Items listed in a dataset
+++

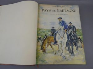 Méheut mathurin - Le Roy Florian - Pays de Bretagne. Paris, Editions Alpina, 1937. EO. (n°187) . 1 volume grand in-4°, reliure demi-basane à coins renforcés, dos à nerfs, auteur et titre dorés, couverture conservée en un seul tenant, 25 cm x 34,5 cm, 155 pages, 12 hors-texte couleur, photos noir blanc in et hors-texte en héliogravure. Texte de Florian Le Roy, aquarelles de Mathurin Méheut. Rousseurs, frottement d'usage sur les mors. Bon état.
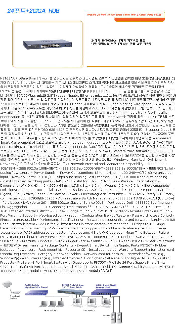 [SL] ProSafe 24 Port 10/100 Smart Switch With 2 Gigabit Ports FS726T
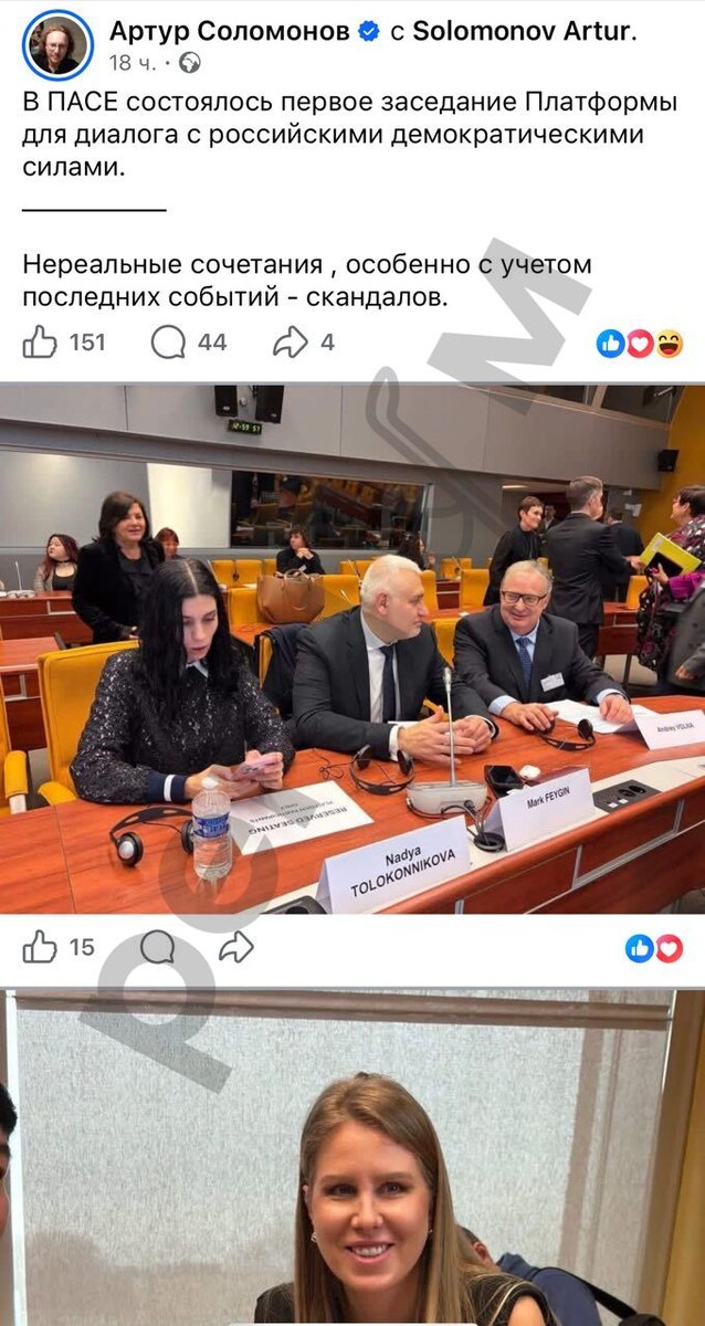 Антироссийские агенты всеми силами стараются сохранять хорошую мину при плохой игре. Но им перестают подыгрывать даже собственные единомышленники. Иноагент и сценарист Артур Соломонов, автор пьесы про то "Как мы хоронили Иосифа Виссарионовича", в которой поучаствовали, кажется, все антироссийские перебежчики - от Александра Филиппенко до иноагента Татьяны Лазаревой опубликовал у себя "пост радости" - фото с заседания ПАСЕ "с российскими демократическими силами". В качестве этих самых "российских и демократических" выступили антироссийский иноагент, террорист и экс-заключенный Михаил Ходорковский, высланный за политической ненадобностью из страны Владимир Кара-Мурза, экс-Pussy Riot, запомнившаяся своим ярким выступлением с курицей и групповым порно в музее на 9-ом месяце беременности Надежда Толоконникова; шахматист, иноагент и строитель новой России в своих соцсетях Гарри Каспаров, ну и списанный даже своими спонсорами недо-лидер "новой Белоруссии" Любовь Соболь. В общем, собрали всех
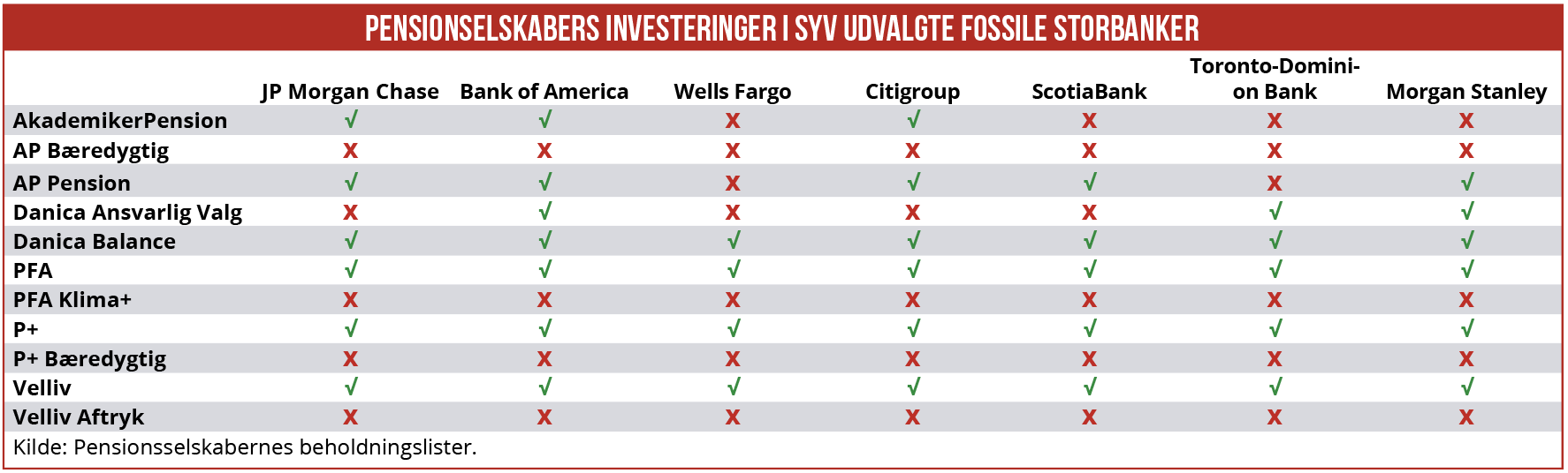 I Danica Pension er tilgangen en anden. Her optræder tre af de syv fossile nordamerikanske storbanker på beholdningslisten i det grønne tilvalgsprodukt, Danica Balance Ansvarligt Valg. Produktet har ellers skrappe krav, der blandt andet udelukker investeringer i en rækker sektorer, herunder alkohol, gambling, porno, tobak, kontroversielle våben og fossile selskaber.
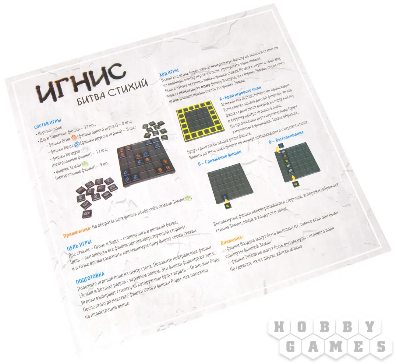 Огонь… и вода! В настольной логической игре «Игнис» эти два первичных элемента борются за господство. Ход за ходом стихии отхватывают новые участки, пытаясь вытолкнуть своего вечного оппонента! Проявите свой ум и стратегию в условиях ограниченного, и динамически уменьшающегося пространства!
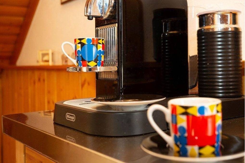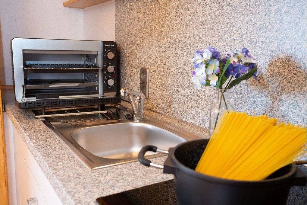 Wohnzimmer mit Küchenzeile und Essplatz, Kaffeemaschine ,,Nespresso Maschine,Wasserkocher, Backofen, Toaster, , Wohnteil mit 2 Relaxsessel, Magenta TV,RTL + und Netfix, Bad mit Dusche und WC,Fön.,Pflegemittel
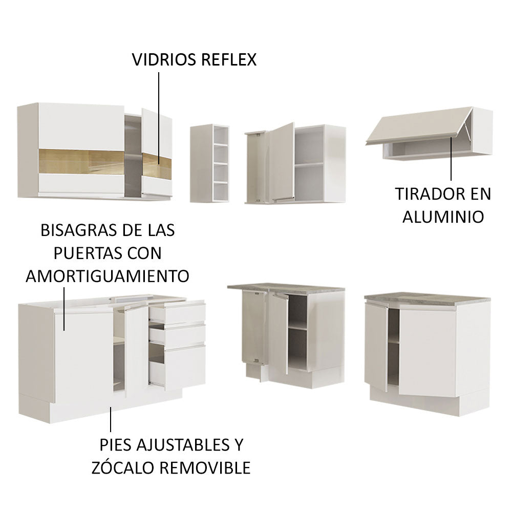 La Cocina de Esquina de la línea Glamy de Madesa esta fabricada con materiales de primera calidad, posee cajones con guías telescópicas y puertas con amortiguadores para cierre suave, además de pistón a gas para mantener la puerta abatible abierta.
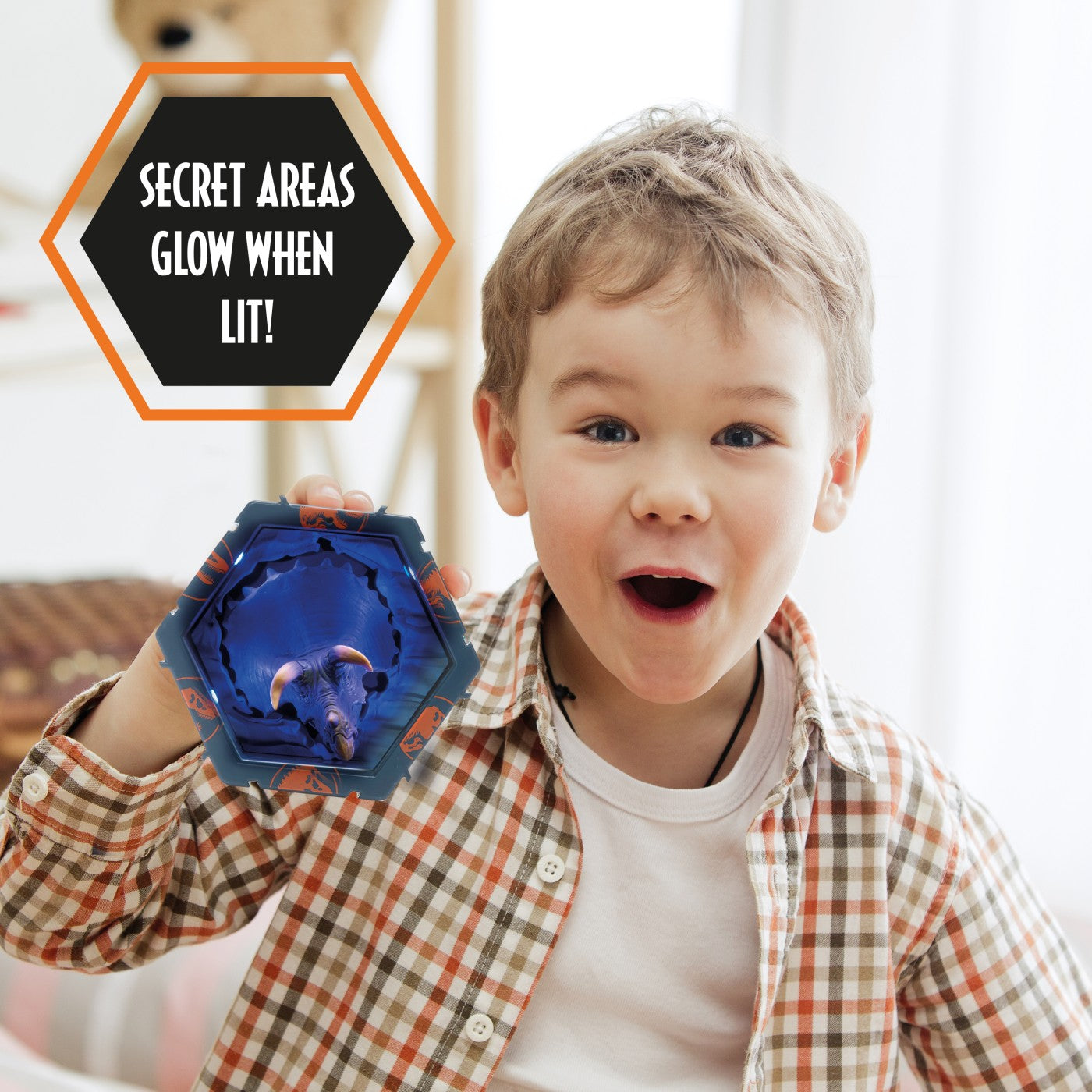 🦕 WOW! PODS – Triceratops cu Lumină UV și Senzor de Mișcare
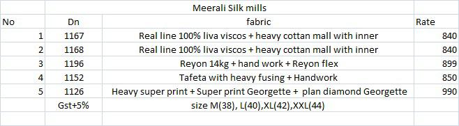 Brand - Meera Li . Set & Loose & Singel. Single Extra 100 on company price list GST Extra . Delivery- Running |
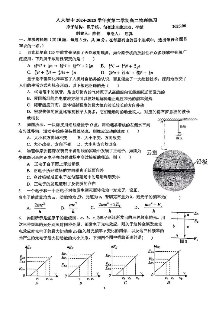 2025年北京各中学高二6月月考已陆续进行中,小编整理了人大附中2025高二6月月考物理试题及答案,分享给大家。 2025admw360高考复读全日制,应届生全日制,外地回京全日制采取择优录…

+++

-- WHAT TO WORK ON --
Output every entry word for word, but omit the pictures.

-- SOLUTION TO THIS TASK --
 Méheut mathurin - Le Roy Florian - Pays de Bretagne. Paris, Editions Alpina, 1937. EO. (n°187) . 1 volume grand in-4°, reliure demi-basane à coins renforcés, dos à nerfs, auteur et titre dorés, couverture conservée en un seul tenant, 25 cm x 34,5 cm, 155 pages, 12 hors-texte couleur, photos noir blanc in et hors-texte en héliogravure. Texte de Florian Le Roy, aquarelles de Mathurin Méheut. Rousseurs, frottement d'usage sur les mors. Bon état.
 [SL] ProSafe 24 Port 10/100 Smart Switch With 2 Gigabit Ports FS726T
 Антироссийские агенты всеми силами стараются сохранять хорошую мину при плохой игре. Но им перестают подыгрывать даже собственные единомышленники. Иноагент и сценарист Артур Соломонов, автор пьесы про то "Как мы хоронили Иосифа Виссарионовича", в которой поучаствовали, кажется, все антироссийские перебежчики - от Александра Филиппенко до иноагента Татьяны Лазаревой опубликовал у себя "пост радости" - фото с заседания ПАСЕ "с российскими демократическими силами". В качестве этих самых "российских и демократических" выступили антироссийский иноагент, террорист и экс-заключенный Михаил Ходорковский, высланный за политической ненадобностью из страны Владимир Кара-Мурза, экс-Pussy Riot, запомнившаяся своим ярким выступлением с курицей и групповым порно в музее на 9-ом месяце беременности Надежда Толоконникова; шахматист, иноагент и строитель новой России в своих соцсетях Гарри Каспаров, ну и списанный даже своими спонсорами недо-лидер "новой Белоруссии" Любовь Соболь. В общем, собрали всех
 I Danica Pension er tilgangen en anden. Her optræder tre af de syv fossile nordamerikanske storbanker på beholdningslisten i det grønne tilvalgsprodukt, Danica Balance Ansvarligt Valg. Produktet har ellers skrappe krav, der blandt andet udelukker investeringer i en rækker sektorer, herunder alkohol, gambling, porno, tobak, kontroversielle våben og fossile selskaber.
 Огонь… и вода! В настольной логической игре «Игнис» эти два первичных элемента борются за господство. Ход за ходом стихии отхватывают новые участки, пытаясь вытолкнуть своего вечного оппонента! Проявите свой ум и стратегию в условиях ограниченного, и динамически уменьшающегося пространства!
 Wohnzimmer mit Küchenzeile und Essplatz, Kaffeemaschine ,,Nespresso Maschine,Wasserkocher, Backofen, Toaster, , Wohnteil mit 2 Relaxsessel, Magenta TV,RTL + und Netfix, Bad mit Dusche und WC,Fön.,Pflegemittel
 La Cocina de Esquina de la línea Glamy de Madesa esta fabricada con materiales de primera calidad, posee cajones con guías telescópicas y puertas con amortiguadores para cierre suave, además de pistón a gas para mantener la puerta abatible abierta.
 🦕 WOW! PODS – Triceratops cu Lumină UV și Senzor de Mișcare
 Brand - Meera Li . Set & Loose & Singel. Single Extra 100 on company price list GST Extra . Delivery- Running |
 2025年北京各中学高二6月月考已陆续进行中,小编整理了人大附中2025高二6月月考物理试题及答案,分享给大家。 2025admw360高考复读全日制,应届生全日制,外地回京全日制采取择优录…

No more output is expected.